- Alexandra, Victoria Australia

Information
- Type: Public
- Motto: Latin: Labore et Honore (Work and Honour)
- Established: 1957
- Principal: Nigel Lyttle
- Years: 7–12
- Enrolment: 300
- Colours: Yellow and green
- Website: www.asc.vic.edu.au

= Alexandra Secondary College =

Alexandra Secondary College is a public coeducational school situated in Downey Street, Alexandra, Victoria.

Alexandra is a rural township 100 kilometres north-east of Melbourne. The school provides secondary education for students from a number of small townships/districts including Eildon, Taggerty, Thornton, Marysville, Narbethong, Buxton, Merton, Yarck and Molesworth. Many of these communities were affected by the Victorian Black Saturday bushfires in 2009. In line with demographic changes enrolment has fallen gradually to 300. It is anticipated that enrolments will stabilise at around 340. It is currently at 320 as of 2026.

==About the school==
Alexandra Secondary College strives to develop a culture of shared responsibility, personal safety and mutual respect for each other and the environment. The college aspires to challenge the staff and students by providing a curriculum which is enjoyable, challenging, stimulating and encouraging of personal and community achievement. The college values which include respect, achievement, challenge, enjoyment, responsibility and safety were developed following an extensive consultation process with the community. As of 2014 the college has moved towards developing a School Wide Positive Behaviour Support (SWPBS) program in collaboration with parents and students and this will be rolled out further in 2015.

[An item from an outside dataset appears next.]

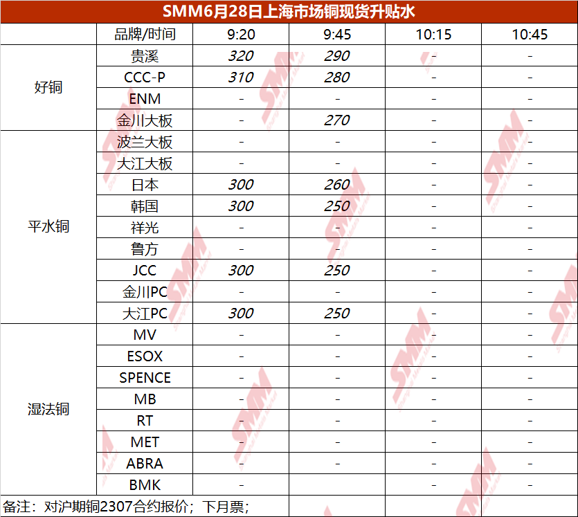 6月28日上海市场铜现货升贴水(第二时段)【SMM价格】
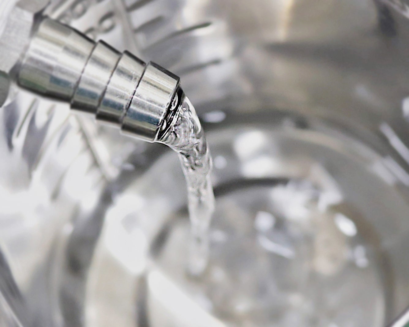収穫された花は、茎や葉、蕾とともにやさしくほぐされ、さらに細かく撹拌されます。その後真空低温蒸留器に投入すると、水を使うことなく液体と固体に分離。非常に高度な技術で花の水分がそのまま集められた液体は、純度の高いエキスとなります。

The college curriculum provides for a common program at years 7 & 8 in each of the key learning areas of study. Year 9 and 10 students undertake core studies in English and Mathematics and elect studies from each of the other learning areas. Student electives are regulated to ensure that each student undertakes a minimum requirement in each area of study over two years. This system, which enables students to pursue additional studies in preferred learning areas, provides a sound preparation for the Victorian Certificate of Education (VCE) and/or the Victorian Certificate of Applied Learning (VCAL) . The college offers a broad range of studies at the VCE level and runs a VCAL program. Links with TAFE colleges have also been established which provide vocational courses for students. As of 2012 the college is a registered trade training centre and offers Hospitality, Construction and Automotive as part of its extensive VET program.

The school has undergone great changes as a new science centre has been constructed and plans for a complete rebuild of the school are in the early stages. A recent visit by the State Minister for Education, Martin Dixon continued this effort with the announcement of $870,000 of government funding to assist in the refurbishment of some of the college's learning spaces.

Students at the college have been engaged in a number of projects with external partners. Since 2008, six female students have participated in a 10-day outdoor education experience run by the Alice Sloan Trust as part of a program to make outdoor education opportunities open to all students, and to develop leadership skills, this program continues alongside other opportunities that include, but are not limited to national adventure race team that competes annually in the Outdoor Education Groups Snowgum Hillary Challenge as well as student involvement in the statewide Leadership development program offered by the DEECD Alpine school program.

Students also participate in a project with the National Museum of Australia in evaluating the water quality of local water sources.

==History==
Alexandra Secondary College opened its doors in 1957 as Alexandra High School. In 2007 the school celebrated its 50th anniversary with past-student reunions and events.